The season frames its situational narratives around the characters growing up and changing. These situations open doors to larger issues such as white privilege, idolship, and so much more. Picking up where last season left off, Sam and Lionel investigate a secret society regarding Winchester’s past “secret” group called “The Order of X,” which involved the most influential and important black students at Winchester years ago. The two become so frustrated with the endless struggles of activism and tracking down the Order that they give up and resolve to change. Sam quits her eponymous “Dear White People” and Lionel quits The New Independent, the grassroots publication that he was so anxious to start.
Simultaneously, the arrival of Professor Moses Brown, who was an alumnus of Winchester University, creates a thread that weaves throughout the season.
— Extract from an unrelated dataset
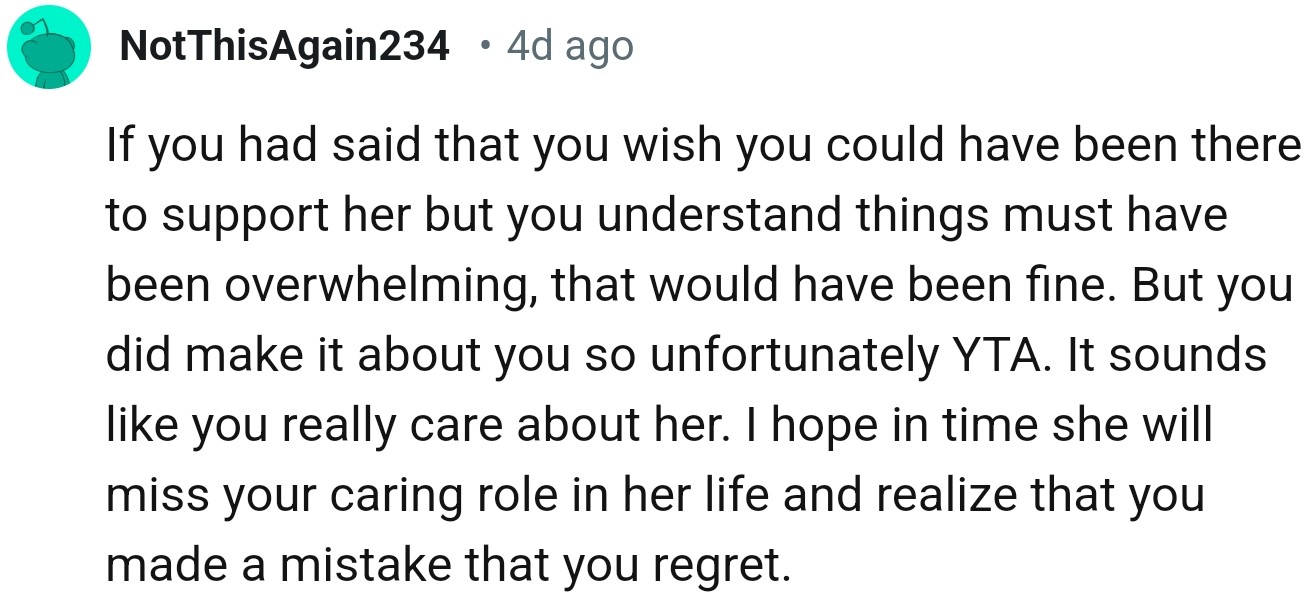 Now, here’s the million-dollar question: was OP being selfish by voicing her hurt?

Reggie, a previous victim of police brutality, forms a bond with Professor Brown. Even though Brown is the main character that this season is developed around, we also get introduced to another new character: Coco’s alter ego — played by actress and model Ryan Destiny — who manifests when Coco is at her most anxious and insecure while she attempts to gain a fellowship. Kurt finds himself tokenized on the writing staff of the controversial comedy magazine Pastiche and Gabe struggles to balance work and school life when he needs to come up with large sums of money to shoot his thesis film.
Overall, this show is important for everyone and anyone, of any race, ethnicity, background, sexual orientation, identity and etc, to take the time to watch. Many people don’t get to see the perspective of people of color within a predominately-white institution, or PWI. Having a show that exemplifies that particular situation is revelatory; most of the time, college campuses act as smaller societies that are sort of isolated from the real world. This show is a representation of what I have experienced, heard and witnessed so far here at IC. With these, people of color acknowledging and witnessing a reality at an Ivy League and a PWI is the same way that I once more, experience and witness here at IC.